Add the line for the linear model to my plot:
- abline( linear.model ) either this
- abline( lm( y ~ x ) ) or this, basically: abline( a, b ) is y = bx + a
Transform the data to fit a linear model, assuming the relationship is y = x^2, and plot it:
- plot( y ~ I(x^2) ) (that's a capital I (eye) for isolate, so that we can do math operations here)
- abline( lm(y ~ I(x^2)) ) or, if:
- new.model = lm( y ~ I(x^2) )
- abline( new.model )
Other commands (that I haven't tried yet) that extract information from a linear model:
- coef( lm() ) returns the coefficients
- residuals( lm() ) returns the residuals (vertical distance of point from best-fit line)
- predict( lm() ) performs predictions
- anova( lm() ) finds various sums of squares
- AIC( lm() ) is used for model selection
- fitted( lm() ) returns fitted values for y
- deviance( lm() ) returns RSS
Examples of Use from the Homework
NOTE: This one below isn't giving the correct answer yet.
Q: Find an exponential model y=ax^b for (a data set).

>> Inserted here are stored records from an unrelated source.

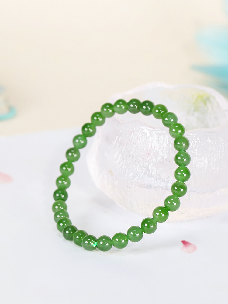 天然碧玉手串俄罗斯碧玉卡6mm手链菠菜绿阳绿圆珠小红书单圈
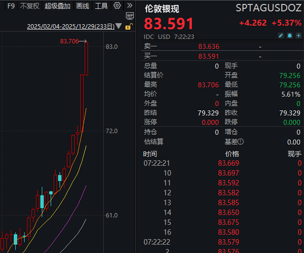 【大河财立方消息】12月29日,现货白银开盘快速拉升,涨超5%,突破80美元关口,报83.591美元/盎司,继续刷新历史新高。
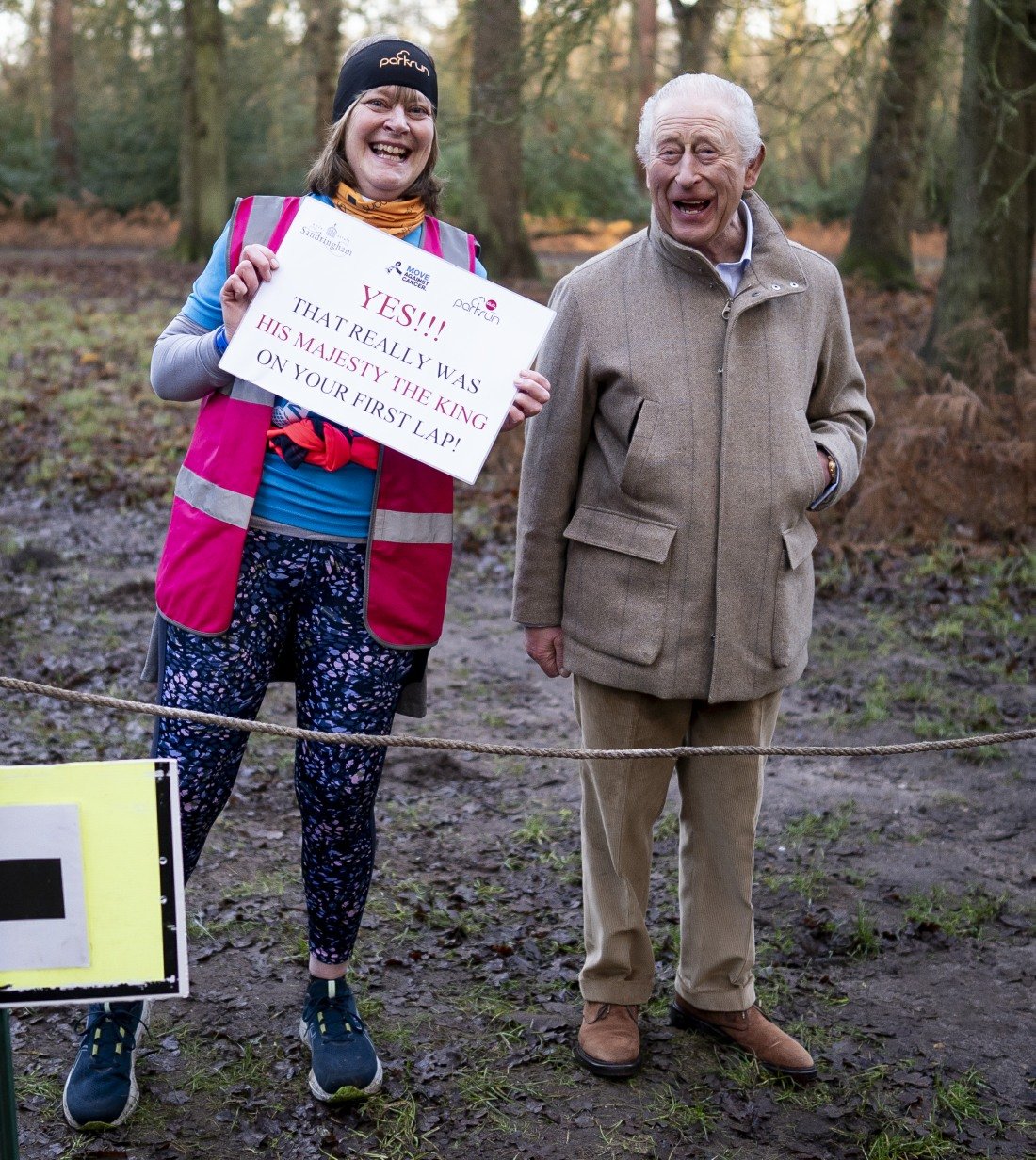 King Charles III with Sarah Byatt at a marshal point of the Sandringham parkrun in Sandringham, Norfolk.
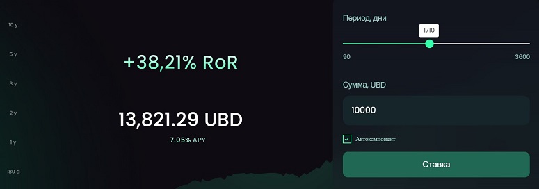 Опция доступна только для держателей UBD. Чтобы участвовать в стейкинге, достаточно разместить стейблкоин в кошельке. Доход будет начисляться автоматически (в зависимости от количества монет и срока удержания).

A: Enter your two vectors, x and y, and then:
df=data.frame(x,y) fit=nls( y ~ a*b^x, data=df ) summary(fit) Will give you the "Estimate" values for a and b, or: coef(fit) will also give them.
To predict at the x value 4 or the values 4, 5 and 6:
predict( fit, list( x=4 ) ) predict( fit, list( x=c(4,5,6) ) )